Posted to dev@lucy.apache.org by Marvin Humphrey <ma...@rectangular.com> on 2010/02/01 21:13:27 UTC

Re: SortCache on a 32-bit OS

On Sat, Jan 30, 2010 at 03:22:51PM -0800, Nathan Kurz wrote:
> But isn't this true of sort caches as well?  They don't
> cross segments, do they?

Correct.  Sort Caches are per-segment.  In order to compare documents across
segments, we need to perform comparisons of recovered field values -- we
cannot use ords.  

Under this change (which went into KS as r5787 and r5789), we still mmap ords,
so comparisons *within* each segment, where most of the work gets done,
haven't changed.  It's just the recovery of the field values that changes.

> OK, but you can pretty well catch this at index creation time, can't you?  

Not on indexes which grow incrementally in response to user input.  For
instance, say you have an index of user comments which grows every time
somebody leaves a comment.  Depending on how you use that index, it could be
fine for months or years, then suddenly, boom!  Out of address space.

> And even failing at run time with a clear error (mmap failed:
> too large to map) might be preferable to the sticky morass of a
> steeply declining performance curve once you start to swap.

If the error could only occur in an offline process, then I'd agree.  But for
an app that takes live updates, it's the opposite. 

> I'm all for making increasing legacy performance so long as it doesn't
> complicate the mainline architecture.

For what it's worth, the code got marginally simpler with this change -- some
method calls which had been unwrapped to deal with the raw mapped memory went
back to being method calls. :)

> > Well, that sort of sharding is not within the scope of Lucy itself.  It's a
> > Solr-level solution.
> 
> Remind me again:  what's the difference between multiple segments and
> sequential sharding?  

Sharding in this context means multiple indexes read by multiple processes,
optionally on multiple machines, with results joined together in a boss
thread. 

By breaking the index reads into multiple processes, we can divide down the
memory mapping requirements.  However, the indexes no longer move in lockstep,
since there can be multiple writers and multiple locks. 

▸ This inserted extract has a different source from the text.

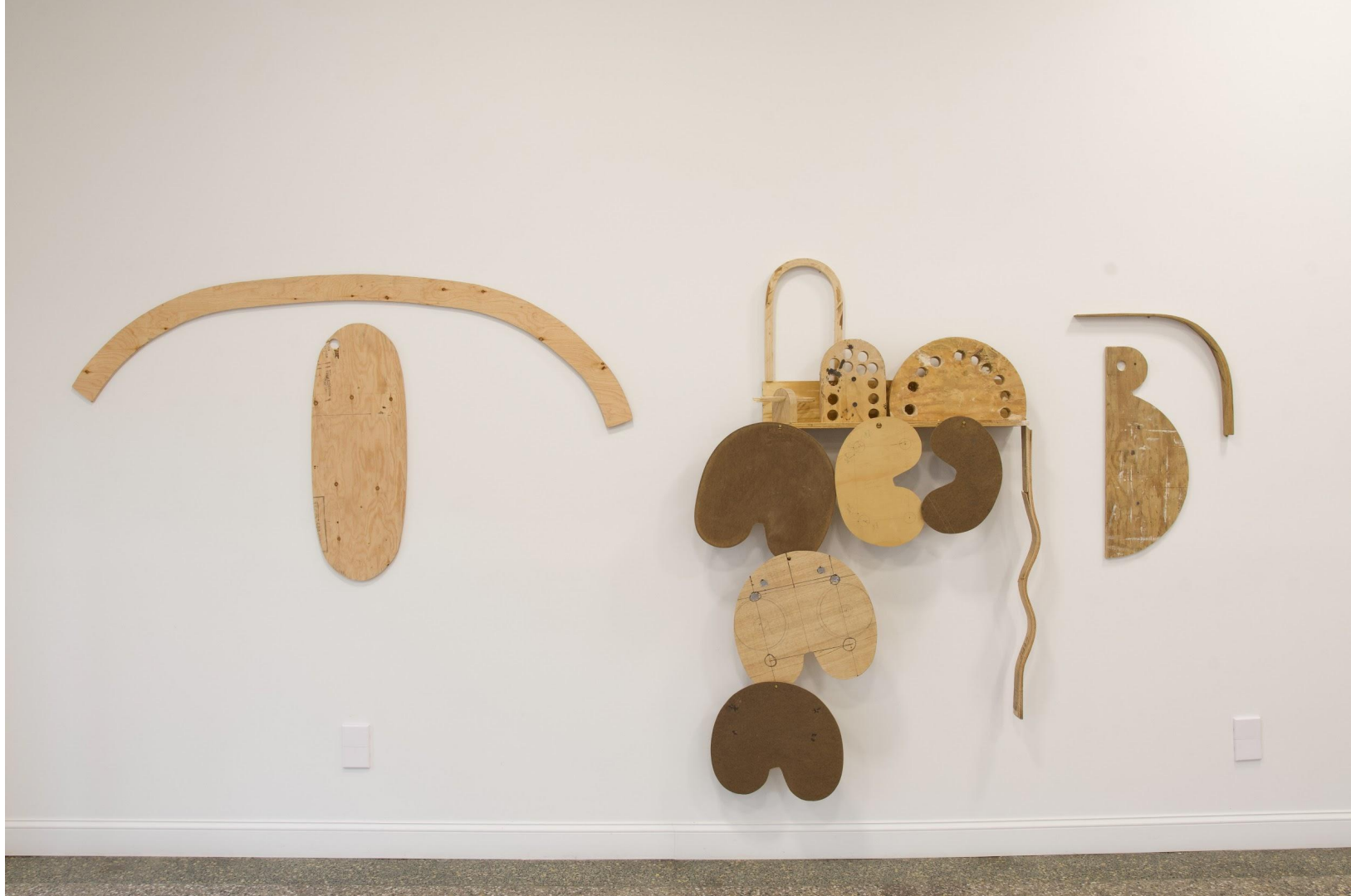
Templates Various boards 84" x 144" 2025 $20,000.00

> And if you take that world-view, what stops you from processing segments in
> parallel rather than sequentially? :)

We'll get to that.  :)

> Yes, you probably don't want to do all the cross-machine process management,
> but designing the architecture so that it's possible to aggregate and sort
> results from multiple queries seems well within bounds.

That's more or less in place, since we have an aggregator class, PolySearcher,
which can be used to collate results from multiple Searchers.  However,
managing state for fast-moving remote indexes is a problem -- it's hard to
ensure that an internal doc_id references the same document when you go to
fetch it that it referenced while you were running the Matcher.

Marvin Humphrey